The Ki-67 proliferation biomarker is widely used in histopathology to measure the population of actively cycling cells, and has been identified as a significant index for the diagnosis and prognosis of different types of malignancy (18–20). Certain studies reported Ki-67 to be an independent prognostic marker for conjunctival squamous cell carcinoma (9,21). The percentage of Ki-67 positivity, as assessed by the Aperio nuclear V9 algorithm in the current study, was comparable with the data obtained by Jung et al (11). McKelvie et al (9) reported smaller values of Ki-67 staining as a result of visual analysis. However, an association between the Ki-67 positivity and the disease outcome was not determined due to the limited sample size.
According to Wolberg et al (22) the nuclear area of the cells of benign breast masses is smaller compared with that of malignant masses. Therefore, in the present study, it was hypothesized that the nuclear area of HC cells may be smaller than that of the TC cells of OSSN. However no significant difference was identified between the nuclear area of the TC and HC cells.

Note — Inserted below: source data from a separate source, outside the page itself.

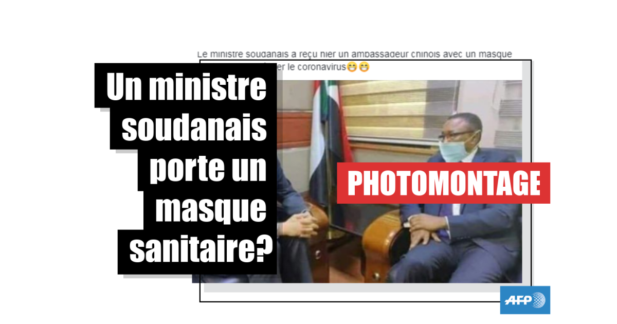 La photo montre un homme en costume, masque sanitaire cachant son nez et sa bouche, face à un autre homme qui lui, esquisse un sourire. Le drapeau soudanais trône au centre de cette image. La légende prétend que "le ministre soudanais a reçu hier, un ambassadeur chinois avec un masque sur le nez pour éviter le virus Corona" (sic). Le cliché et sa légende sont relayés dans des pages Facebook, au Tchad, en République démocratique du Congo, au Niger, entre autres,(1,2,3,4); suscitant à chaque fois l'hilarité de certains internautes.
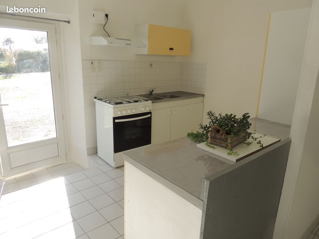 Appartement meublé en rez de chaussée d'une maison ancienne, à 500m du bourg. Façade exposée au sud, avec place de stationnement. A l'intérieur, une cuisine aménagée avec éviers, frigo, gazinière, nombreux placards. Salle et coin salon. Un Wc. Salle de bain avec baignoire. 2 chambres.
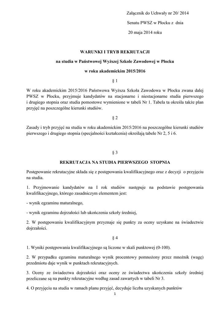 Załącznik do Uchwały nr 20/ 2014 Senatu PWSZ w Płocku z dnia 20 maja 2014 roku WARUNKI I TRYB REKRUTACJI na studia w Państwowej Wyższej Szkole Zawodowej w Płocku w roku akademickim 2015/2016 §1 W roku akademickim 2015/2016 Państwowa Wyższa Szkoła Zawodowa w Płocku zwana dalej PWSZ w Płocku, przyjmuje kandydatów na stacjonarne i niestacjonarne studia pierwszego i drugiego stopnia oraz studia pomostowe wymienione w tabeli Nr 1. Tabela ta określa także plan przyjęć na poszczególne kierunki studiów. §2 Zasady i tryb przyjęć na studia w roku akademickim 2015/2016 na poszczególne kierunki studiów pierwszego i drugiego stopnia (specjalności kształcenia) określają tabele Nr 2, 5 i 6. §3 REKRUTACJA NA STUDIA PIERWSZEGO STOPNIA Postępowanie rekrutacyjne składa się z postępowania kwalifikacyjnego oraz z decyzji o przyjęciu na studia. 1. Przyjmowanie kandydatów na I rok studiów następuje na podstawie postępowania kwalifikacyjnego, którego zasadniczym elementem jest: - wynik egzaminu maturalnego, - wynik egzaminu dojrzałości lub ukończenia szkoły średniej, 2. W postępowaniu kwalifikacyjnym przyznaje się punkty za oceny uzyskane na świadectwie dojrzałości. §4 1. Wyniki postępowania kwalifikacyjnego są liczone w skali punktowej (0-100). 2. W przypadku egzaminu maturalnego wynik procentowy pomnożony przez mnożnik (wagę) przedmiotu daje wynik w punktach rekrutacyjnych. 3. Oceny ze świadectwa dojrzałości oraz oceny ze świadectwa ukończenia szkoły średniej przeliczane są na punkty rekrutacyjne według zasad zawartych w tabeli Nr 3. 4. O przyjęciu na studia w ramach planu przyjęć, decyduje liczba uzyskanych punktów 1 §5 Szczegółowe zasady przyjmowania na studia laureatów oraz finalistów olimpiad stopnia centralnego określa Uchwała Senatu PWSZ w Płocku z dnia 15 maja 2012 roku. §6 1. Obywatele polscy oraz cudzoziemcy, którzy ukończyli szkołę za granicą, oraz uzyskali świadectwo maturalne uczestniczą w postępowaniu kwalifikacyjnym na zasadach określonych dla kandydatów, którzy zdali egzamin maturalny pod warunkiem, że posiadane przez nich świadectwo jest uznawane za świadectwo równorzędne świadectwu dojrzałości na zasadach przewidzianych w umowach międzynarodowych. 2. W razie braku odpowiednich umów międzynarodowych, świadectwa maturalne mogą być w drodze nostryfikacji uznane za równorzędne świadectwom dojrzałości, o ile uprawniają do ubiegania się o przyjęcie na studia wyższe do każdego typu szkół wyższych w państwie w którego systemie edukacji działa instytucja wydająca świadectwo. Zasady i tryb nostryfikacji określają odrębne przepisy. 3. Wynik lub ocenę uzyskaną przez obywateli polskich oraz cudzoziemców, którzy ukończyli szkołę za granicą wyraża się w procentach, a następnie przelicza na punkty rekrutacyjne według zasad obowiązujących osoby, które zdawały egzamin maturalny na poziomie podstawowym. 4. Kandydaci, o których mowa w ustępie 1 i 2 dostarczają świadectwo maturalne ( bądź świadectwo równorzędne) wraz z tłumaczeniem dokonanym przez tłumacza przysięgłego, w przypadku natomiast gdy świadectwo podlegało nostryfikacji kandydat dostarcza także zaświadczenie wydane przez właściwego kuratora oświaty. Zaświadczenie wydane przez kuratora ważne jest łącznie z oryginałem świadectwa uzyskanego za granicą albo jego zalegalizowanym duplikatem. 5. Cudzoziemcy, którzy legitymują się świadectwem dojrzałości uzyskanym w Polsce, uczestniczą w postępowaniu kwalifikacyjnym z zachowaniem zasad ustalonych dla obywateli polskich, którzy ukończyli szkołę średnią w Polsce. 6. Na zasadach określonych w odrębnych przepisach, cudzoziemcy mogą być przyjmowani na pierwszy rok studiów z pominięciem postępowania kwalifikacyjnego określonego w niniejszej uchwale. 7. Obywatel polski, który ukończył studia za granicą może ubiegać się o przyjęcie na studia drugiego stopnia, jeżeli legitymuje się zalegalizowanym lub opatrzonym apostille dyplomem, lub innym dokumentem ukończenia uczelni za granicą, uprawniającym do podjęcia studiów drugiego stopnia w państwie, w którym został wydany, uznanym, zgodnie z przepisami w sprawie nostryfikacji dyplomów ukończenia studiów wyższych uzyskanych za granicą lub na podstawie umowy międzynarodowej za równorzędny z odpowiednim polskim dyplomem ukończenia studiów pierwszego stopnia. 8. Na zasadach określonych w odrębnych przepisach, cudzoziemcy mogą być przyjmowani na pierwszy rok studiów drugiego stopnia z pominięciem postępowania kwalifikacyjnego określonego w niniejszej uchwale. 2 §7 Kandydaci posiadający dyplom Matury Międzynarodowej (IB) traktowani są, jak osoby posiadające świadectwo dojrzałości uzyskane w trybie egzaminu maturalnego. Zasady przyjęć dla kandydatów z Maturą Międzynarodową (IB): 1. Obowiązują takie same kryteria jak kandydatów z egzaminem maturalnym (Tabela Nr 2) 2. Poziom SL traktowany jest jako poziom podstawowy (PP) 3. Poziom HL traktowany jest jako poziom rozszerzony (PR) 4. Jeśli na danym kierunku stosowane są przeliczniki dla danego przedmiotu czy poziomu egzaminu, mają one również zastosowanie do matury międzynarodowej, przeliczonej na wyniki egzaminu maturalnego, dla odpowiedniego poziomu. 5. Przelicznik wyników na świadectwie matury międzynarodowej określa tabela Nr 4. §8 REKRUTACJA NA STUDIA DRUGIEGO STOPNIA 1. O przyjęcie na studia drugiego stopnia mogą ubiegać się absolwenci co najmniej pierwszego stopnia studiów. 2. Podstawą zakwalifikowania na studia jest średnia ocen uzyskana podczas odbytych studiów pierwszego stopnia, drugiego stopnia lub jednolitych studiów magisterskich (wyliczona z dokładnością do dwóch miejsc po przecinku oraz ocena na dyplomie przeliczona na punkty rekrutacyjne), z zastrzeżeniem ust. 3 (tabela nr 5 i 6). 3. Kandydat ubiegający się o przyjęcie na studia drugiego stopnia / na kier
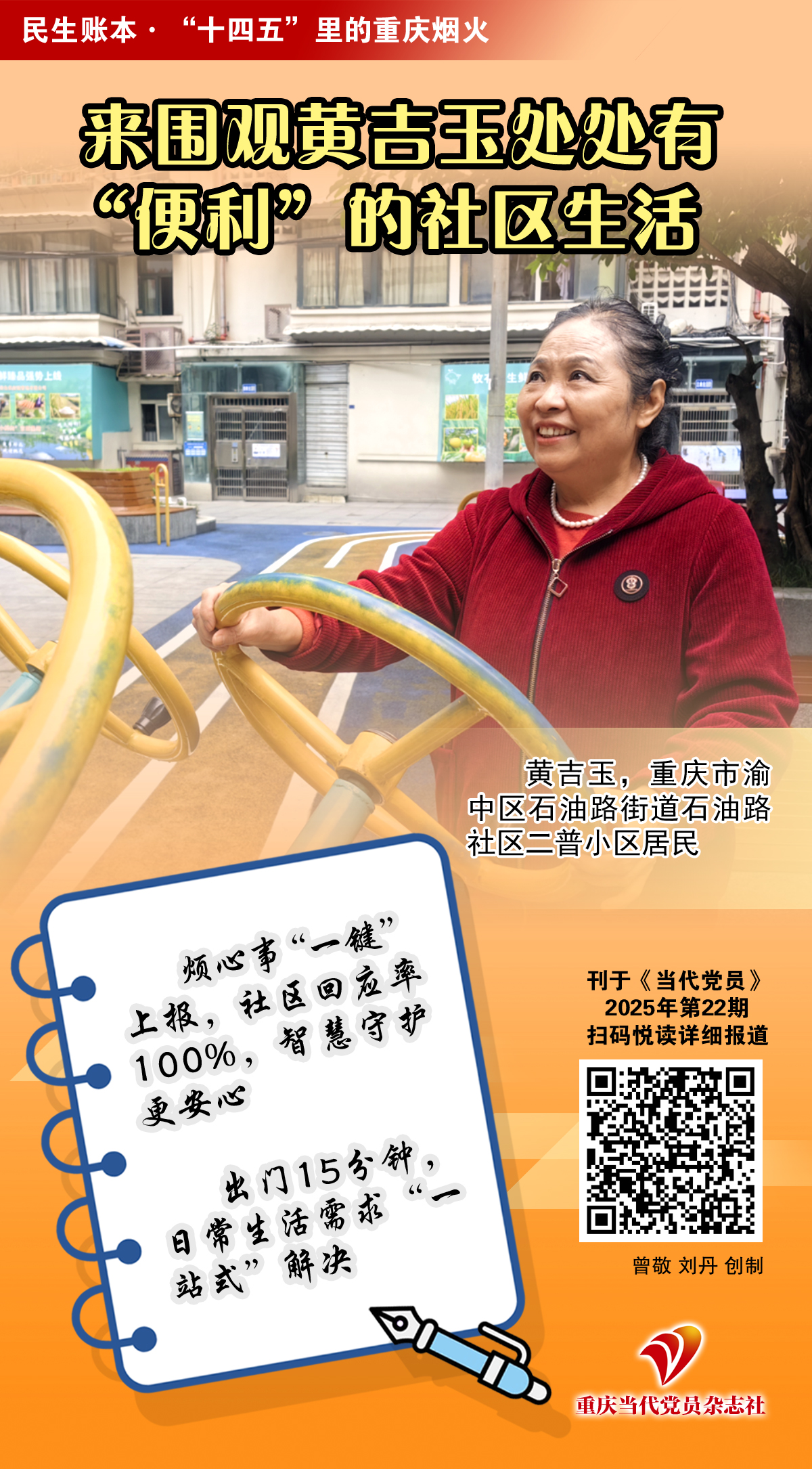 今天推出“民生账本•‘十四五’里的重庆烟火”系列报道第7期《来围观黄吉玉处处有“便利”的社区生活》,讲述重庆市渝中区石油路街道石油路社区居民黄吉玉,在重庆“141”基层智治体系建设中所感受到的社区便利。
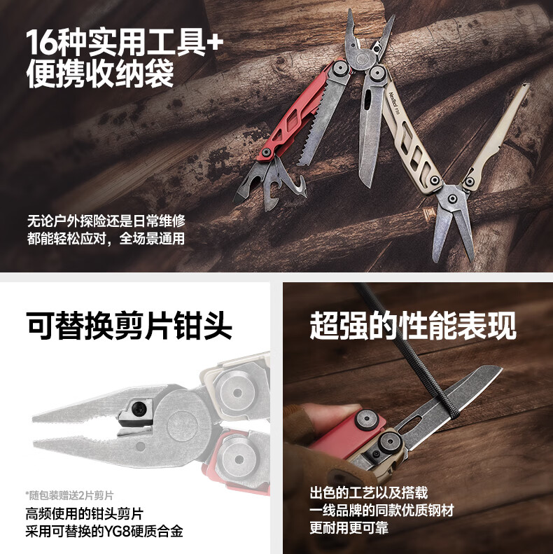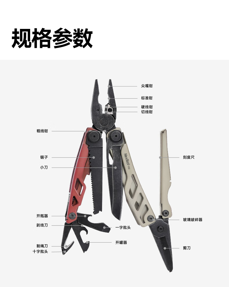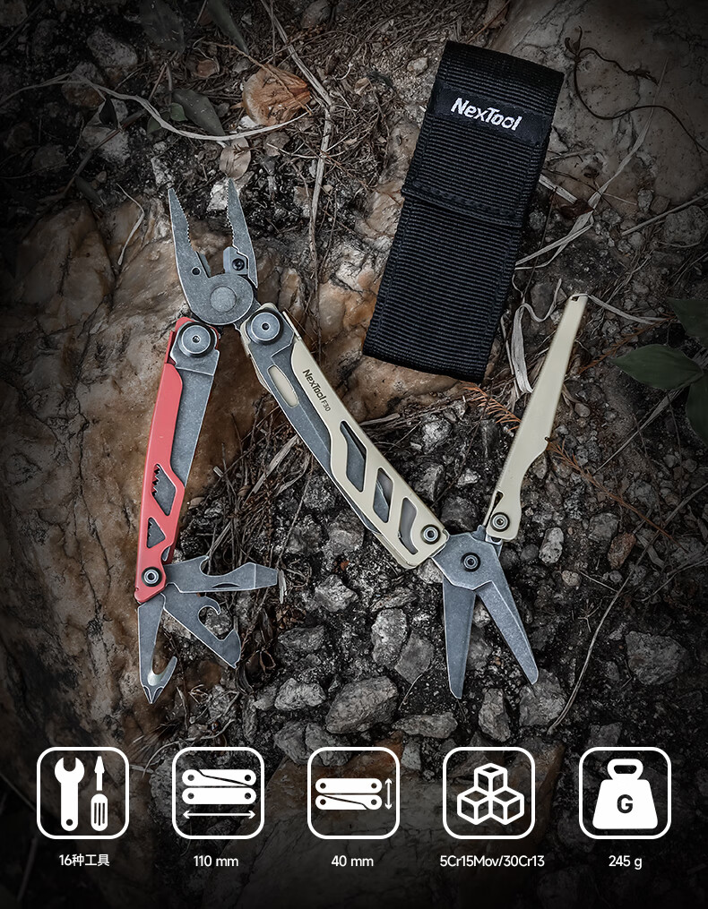 纳拓(NexTool)户外多功能刀瑞士军士折叠刀居家应急组合工具钳折叠不锈钢剪钳 战舰 Pro F30十六项多功能刀
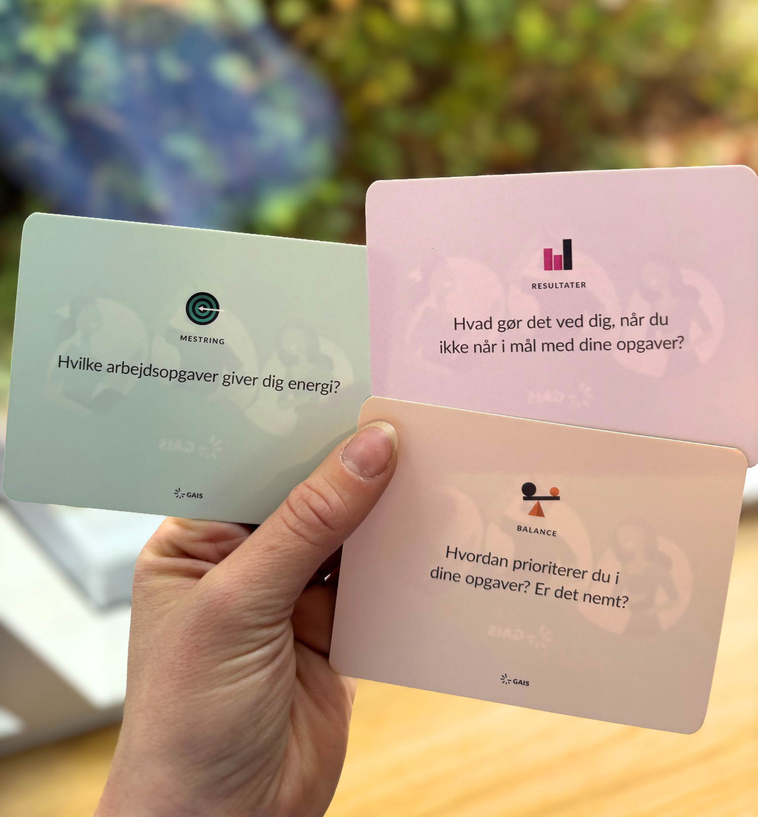 GAIS’ trivselskort gør det lettere at åbne samtalen. Hvert kort indeholder spørgsmål, der knytter sig til de syv faktorer i GAIS’ trivselsmåling samt den overordnede arbejdslyst. Spørgsmålene hjælper jer med at sætte ord på, hvad der styrker – og hvad der udfordrer – jeres trivsel i hverdagen.
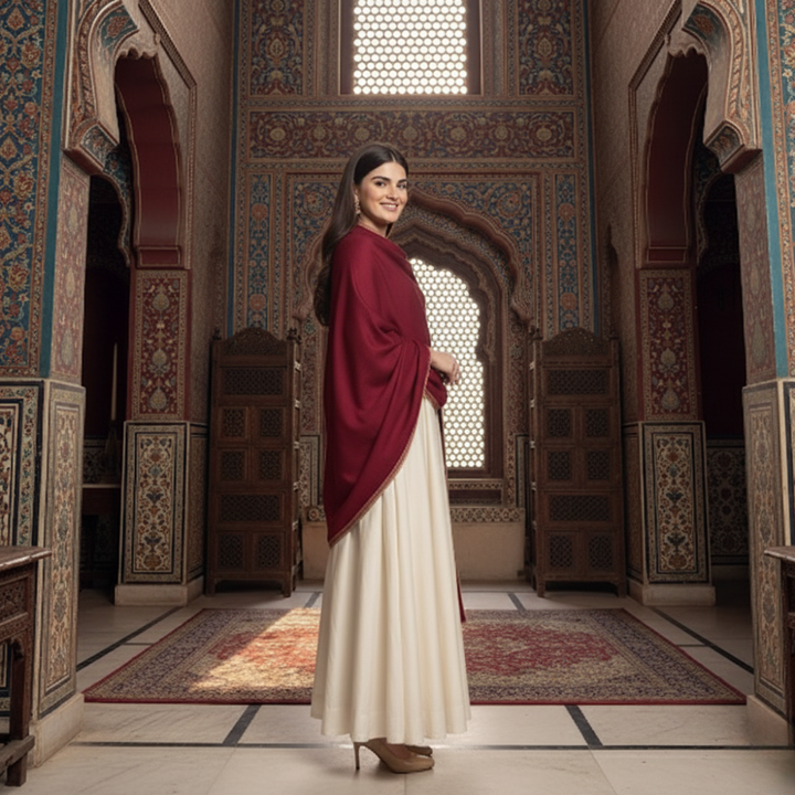 Indian Kingri Pashmina Shawl Embroidered - Maroon
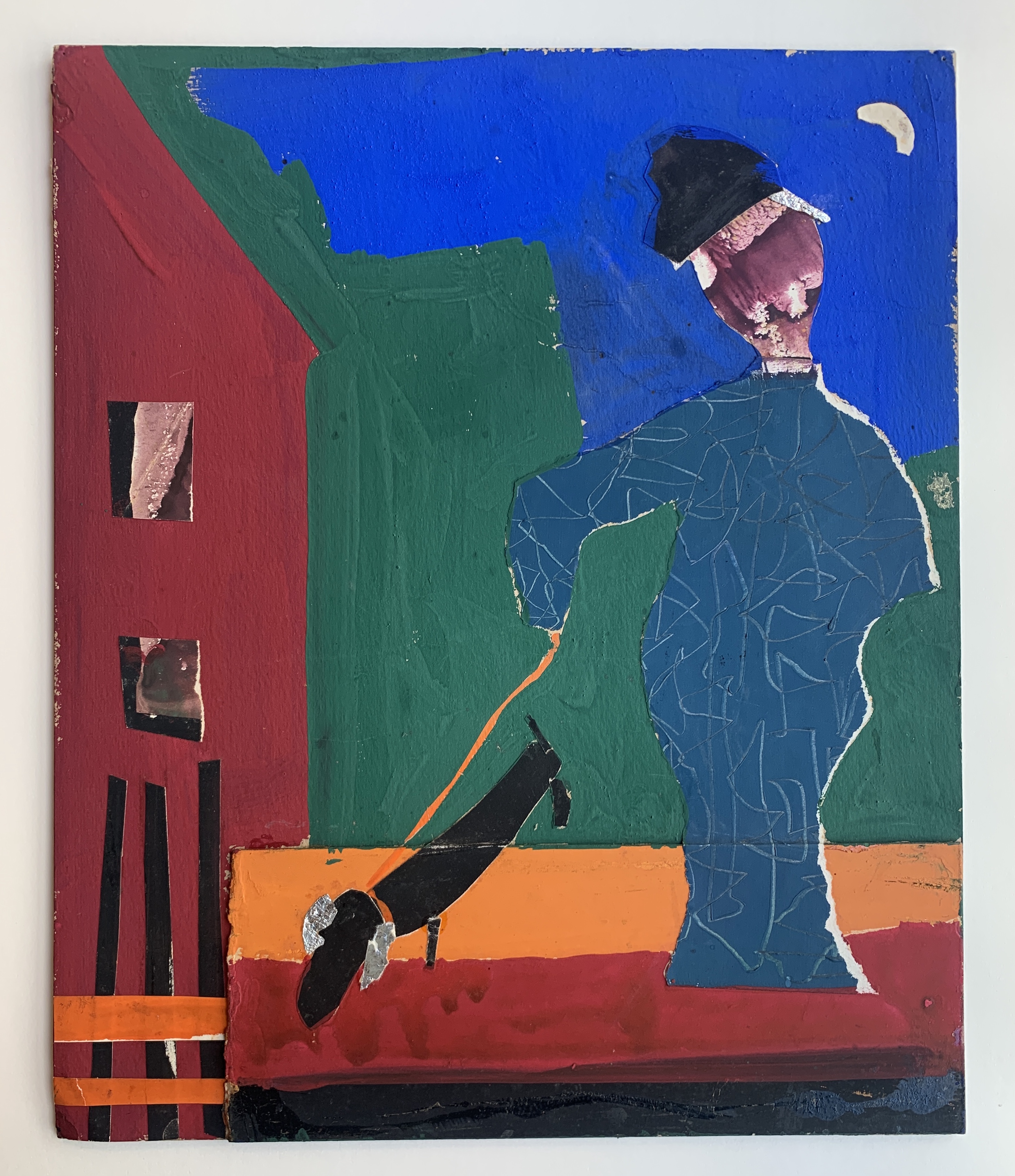 Cedric Wentworth: “Hanson’s interest in Pop Art can be seen in a dramatic self-portrait fabric collage made the year before his death. Self Portrait With Frankie Dewey’s Red Wig shows the artist smoking a cigarette and wearing a broad brimmed floppy felt hat. A bright red wig frames his sunglasses. The artist stares straight at us, the bony forms of his face giving him a frightening, otherworldly presence. The portrait is disconcerting, even menacing, as a sense of foreboding permeates the image.” Rubber Diamond Gallery.

In conclusion, the Aperio nuclear V9 algorithm is considered to be a useful tool for the reliable analysis of histopathological changes of OSSN. The results of this type of DIA algorithm correlate strongly with the stereoscopic method when assessing the Ki-67 PI and may facilitate the accurate quantitative evaluation of IHC-stained biomarkers. Future studies are required to further evaluate the potential of the Aperio nuclear V9 algorithm for the analysis of OSSN.